Effects of anisotropic winds on massive stars evolution

TL;DR

This study investigates how anisotropic stellar winds in fast-rotating massive stars influence angular momentum loss, showing that wind anisotropies have a modest effect on stellar evolution compared to previous assumptions.

Contribution

The paper provides a quantitative assessment of wind anisotropies' impact on angular momentum loss in fast-rotating stars, incorporating surface deformations neglected in prior models.

Findings

Wind anisotropies reduce angular momentum loss by less than 4% for Omega/Omega_crit < 0.9.

Near critical rotation, anisotropies can decrease angular momentum loss by up to 30%.

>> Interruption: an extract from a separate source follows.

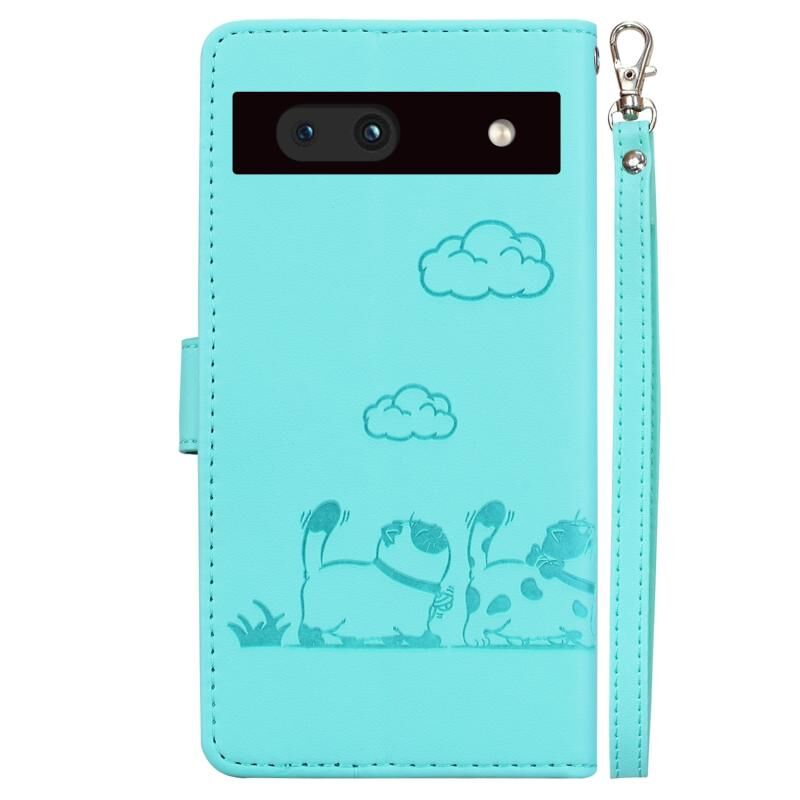 Θήκη τηλεφώνου από δέρμα με χαριτωμένες γάτες για Google Pixel 7a (Χρυσό ροζ) με προστασία RFID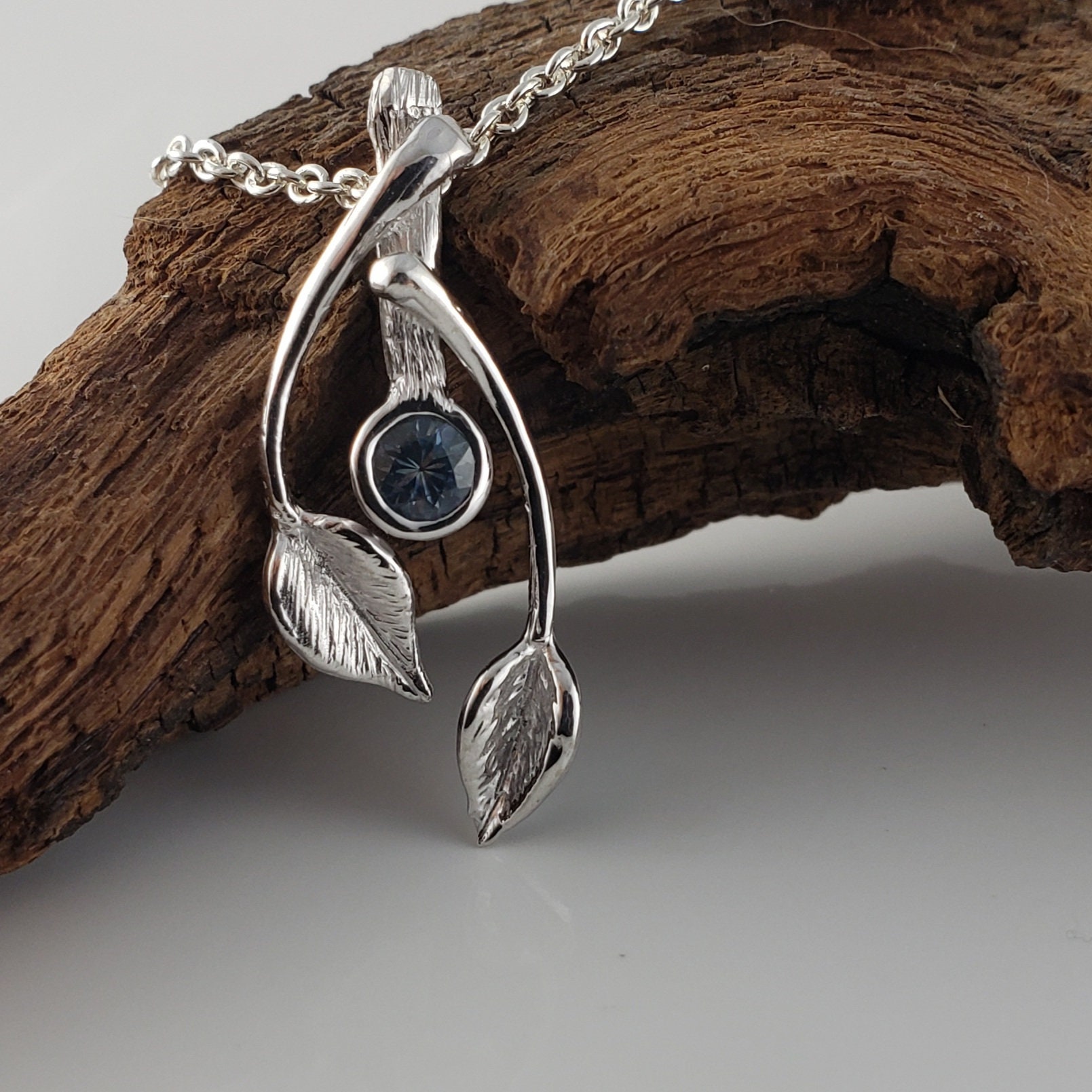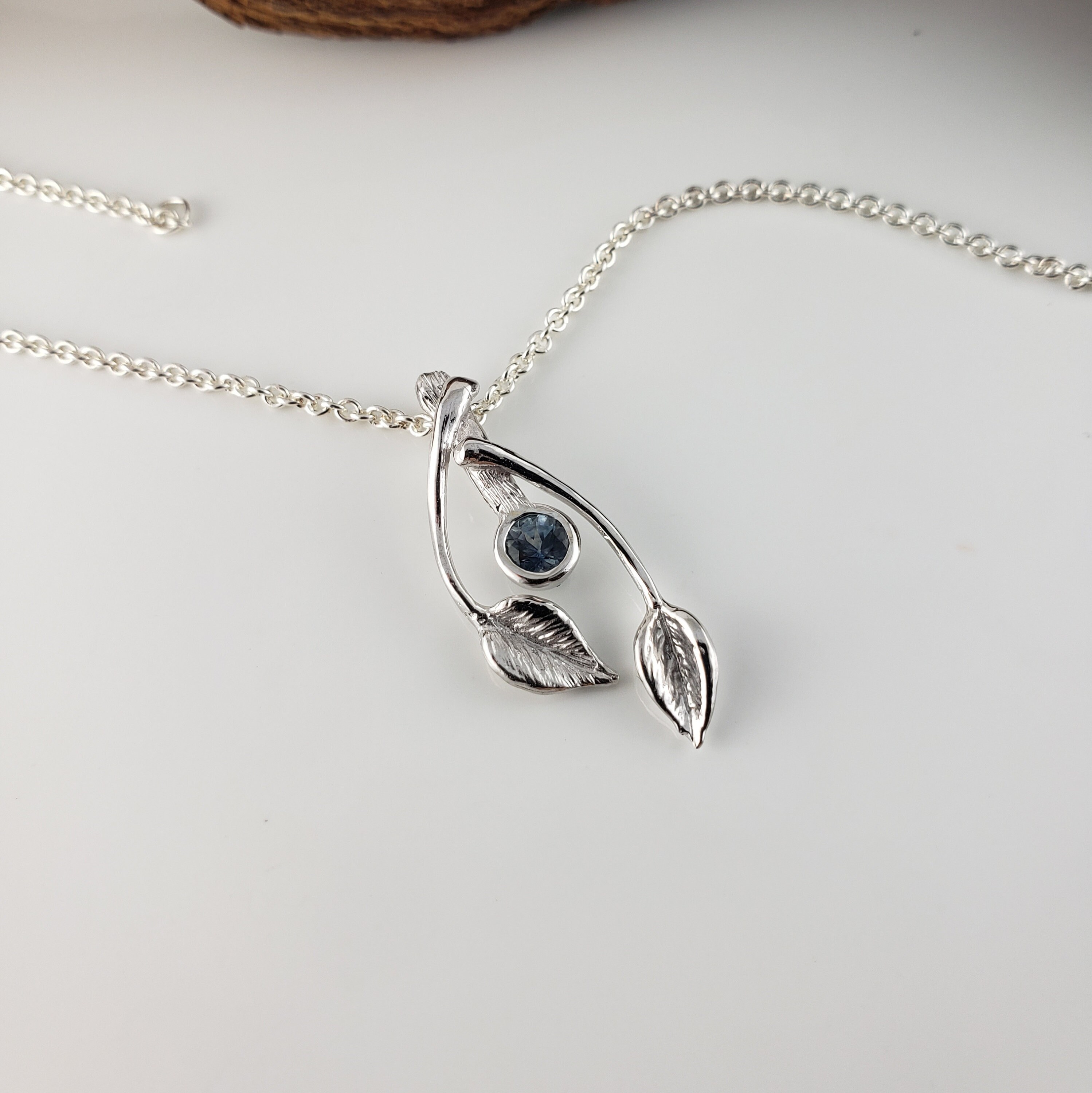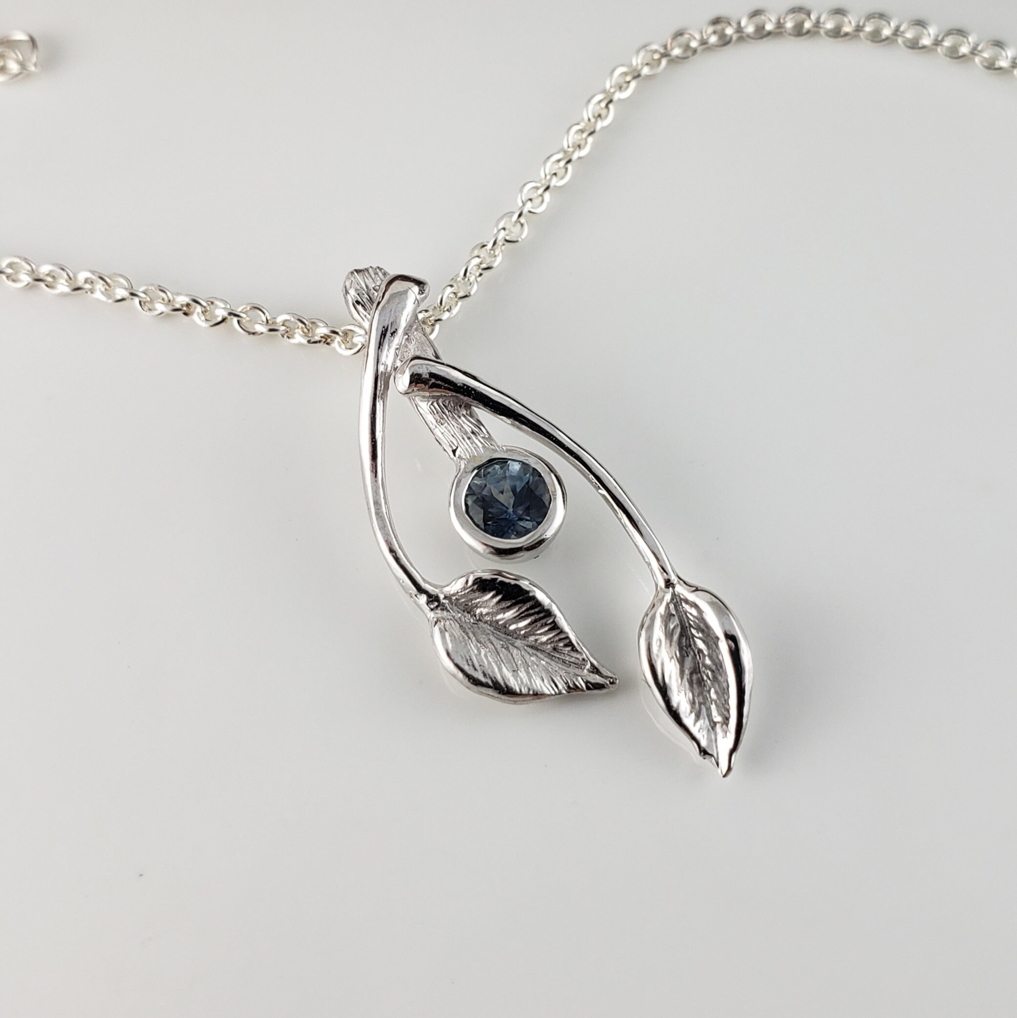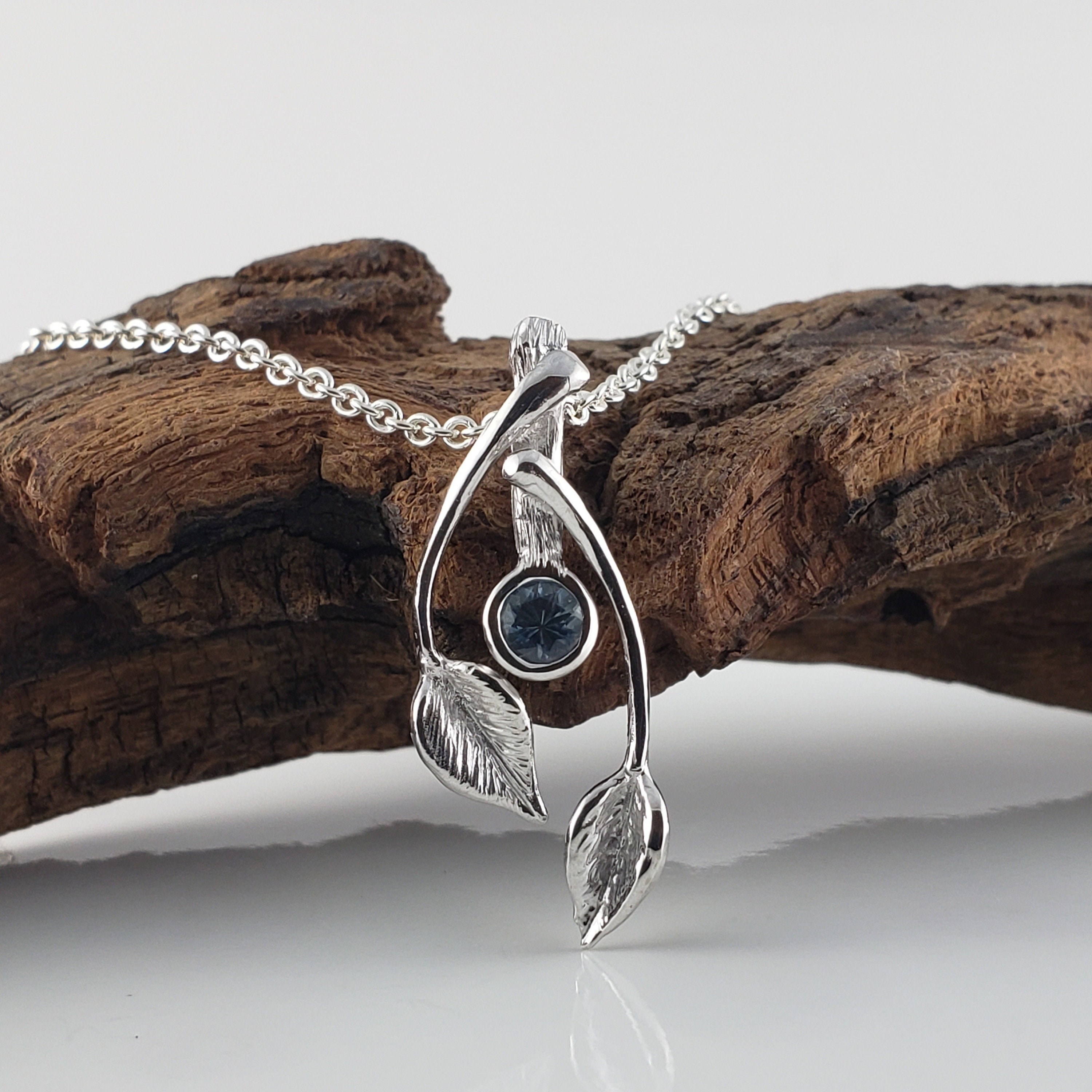 14k Gold Two Leaf & Twig Gemstone Necklace - Blue Sapphire Pendant by DV Jewelry Designs

Surface deformations counteract wind anisotropies, resulting in a modest overall effect.

Abstract

Whenever stars are rotating very fast (Omega/Omega_crit > 0.7, with Omega_crit the Keplerian angular velocity of the star accounting for its deformation) radiative stellar winds are enhanced in polar regions. This theoretical prediction is now confirmed by interferometric observations of fast rotating stars.} Polar winds remove less angular momentum than spherical winds and thus allow the star to keep more angular momentum. We quantitatively assess the importance of this effect. First we use a semi-analytical approach to estimate the variation of the angular momentum loss when the rotation parameter increases. Then we compute complete 9 MSun stellar models at very high angular velocities (starting on the ZAMS with Omega/Omega_crit = 0.8 and reaching the critical velocity during the Main Sequence) with and without radiative wind anisotropies. When wind anisotropies are accounted for, the angular momentum loss rate is reduced by less than 4% for Omega/Omega_crit < 0.9 with respect to the case of spherical winds. The reduction amounts to at most 30% when the star is rotating near the critical velocity. These values result from two counteracting effects: on the one hand polar winds reduce the loss of angular momentum, on the other hand, surface deformations imply that the mass which is lost at high co-latitude is lost at a larger distance from the rotational axis and thus removes more angular momentum. In contrast with previous studies, which neglected surface deformations, we show that the radiative wind anisotropies have a relatively modest effect on the evolution of the angular momentum content of fast rotating stars.